DATASET SECTION:
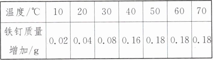 (2)50℃以后,3天内试管中的氧气耗尽,铁钉的腐蚀停止 用容积较大的容器代替装置中的试管,分别在50℃、60℃、70℃下重复上述实验
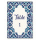 Featuring a delicate border of cobalt and turquoise tile patterns with a soft floral detail, the design frames a crisp white center space for table numbers. Perfect as escort cards, place cards, or table number displays, they add a polished and coordinated look to your reception.
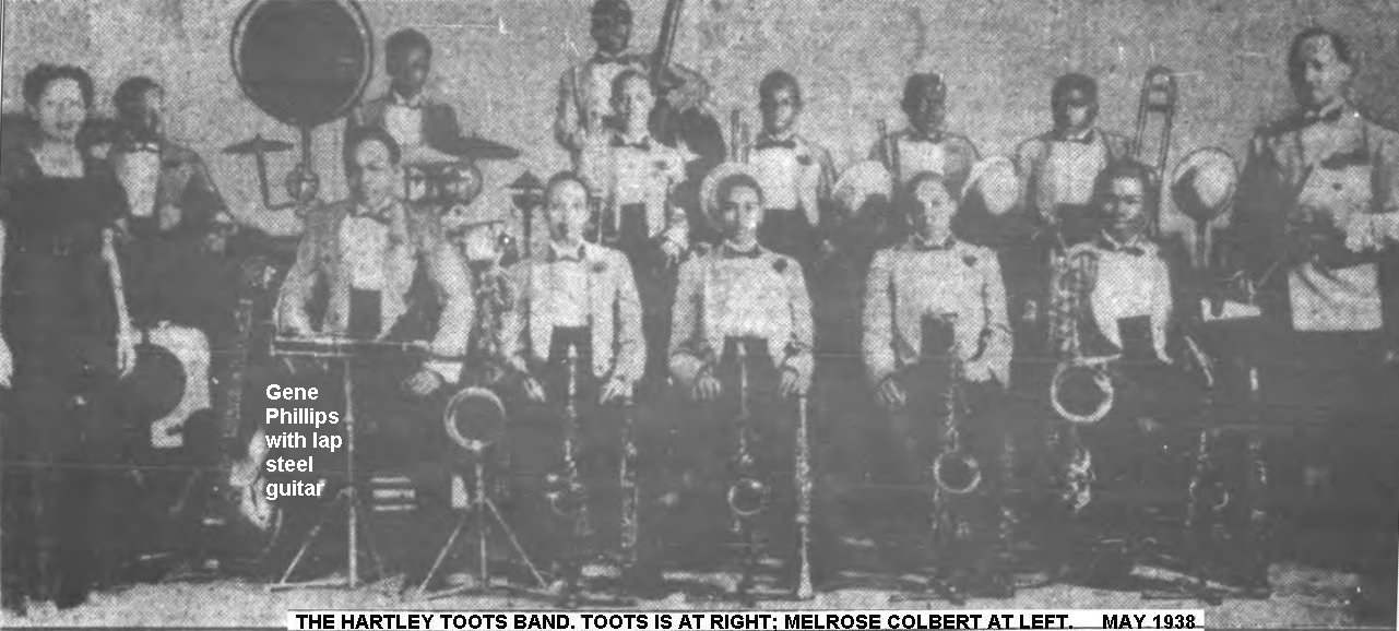 In 1938, he somehow became guitarist with the highly-successful territory band of Hartley Toots in Miami. At the time, Toots' singer was Melrose Colbert. A photo of the band shows Gene playing a horizontal guitar (the only time he seems to have been photographed playing that way). He was probably with Toots when the band played the Apollo Theater in July 1938.

INSTRUCTIONS FOR THE TASK: Would you give the material back exactly, minus the pictures?

THE ANSWER:
 (2)50℃以后,3天内试管中的氧气耗尽,铁钉的腐蚀停止 用容积较大的容器代替装置中的试管,分别在50℃、60℃、70℃下重复上述实验
 Featuring a delicate border of cobalt and turquoise tile patterns with a soft floral detail, the design frames a crisp white center space for table numbers. Perfect as escort cards, place cards, or table number displays, they add a polished and coordinated look to your reception.
 In 1938, he somehow became guitarist with the highly-successful territory band of Hartley Toots in Miami. At the time, Toots' singer was Melrose Colbert. A photo of the band shows Gene playing a horizontal guitar (the only time he seems to have been photographed playing that way). He was probably with Toots when the band played the Apollo Theater in July 1938.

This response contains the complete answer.